Симеон после майского пожара с удивлением почуял, как изменилось к нему отношение молодших и вятших в городе. Видимо, то, что князь весь день кидался в самые опасные места и воевал с огнем наряду с простыми смердами, расположило к нему и ратников и бояр. «Гордый» Симеон оказался своим, близким, и к нему словно бы подобрели, охотнее кидались исполнять его повеления, дружнее работали, а бояре без прежней боязни предлагали свое, уведавши, что князь не остудит, не отмахнет, а выслушает и содеет по-годному.

Нынче совокупным советом думцев ему предложили взять на себя Юрьев-Польской, понеже тамошний князь, Иван Ярославич, скончался от мора прыщом, не оставя наследников. Юрьевские бояре били челом в службу великому князю московскому и опасались лишь одного – мести Костянтина Суздальского, также хлопотавшего о том, дабы наложить руку на Юрьев.
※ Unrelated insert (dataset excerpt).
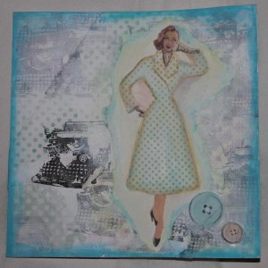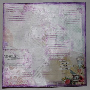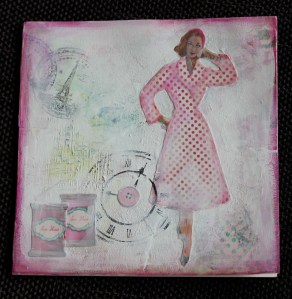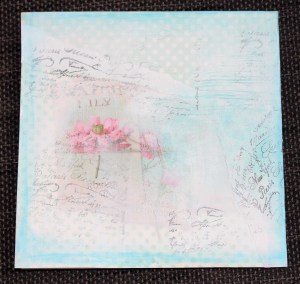 Art journaling er rett og slett en kunstnerisk dagbok hvor en slår seg løs og leker seg med ulike teknikker og visuelle uttrykk med og uten tekst. Utrolig mye spennende. Teknikken er stortsett såkalt mixed media, som rett og slett er en god blanding av maling, decoupage, scrapping++; en blander de teknikker en ønsker i det øyeblikket – bruker det en har og lager utrolig spennende og varierte uttrykk. Helt fantastisk spennende og inspirerende. Jeg har spesielt falt for to kunstner sjeler med hver sitt uttrykk: de kaller seg for littleglimpses og rachO113. Jeg får veldig lyst å prøve ut alt mulig når jeg ser på videoene deres, men nå har det seg slik at det meste av utstyr har blitt pakket ned allerede, så utvalget av materialer blir noe begrenset. Det eneste jeg ikke har pakket helt bort enda er en kasse med kortlaging og scrapping utstyr; med stempler, kort, designark og noen pensler. Jeg har også en boks med Gesso stående og en liten slant decoupage. Så frem til jeg finner frem til lerreter og mer maling får jeg nøye meg med å leke med litt mixed media på kort.

Земля потихоньку начинала тянуть к Москве, и Симеон, понимая, что братья-князья тотчас возложат на него в Орде очередную жалобу, повелел принять юрьевских бояр в службу, а Юрьев-Польской, яко выморочный, взять на великого князя владимирского, то есть на себя, и присоединить к московскому уделу. (Последнее как раз и должно было возбудить совокупный гнев владимирских князей.) До нового размирья следовало во что бы то ни стало обновить стены Кремника и довершить Москву. К счастью, на рубежах земли было спокойно. После побоища псковичей с немцами у Медвежьей Головы (плесковичи и на этот раз, с тяжкими потерями, одолели-таки рыцарей) в чудской земле встал мятеж: чернь избивала своих бояр, потом юрьевцы с велневичами топили мятеж в чудской крови, и до времени можно было не ждать немецких набегов на псковскую и новогородскую землю – «божьим дворянам» своих забот хватало!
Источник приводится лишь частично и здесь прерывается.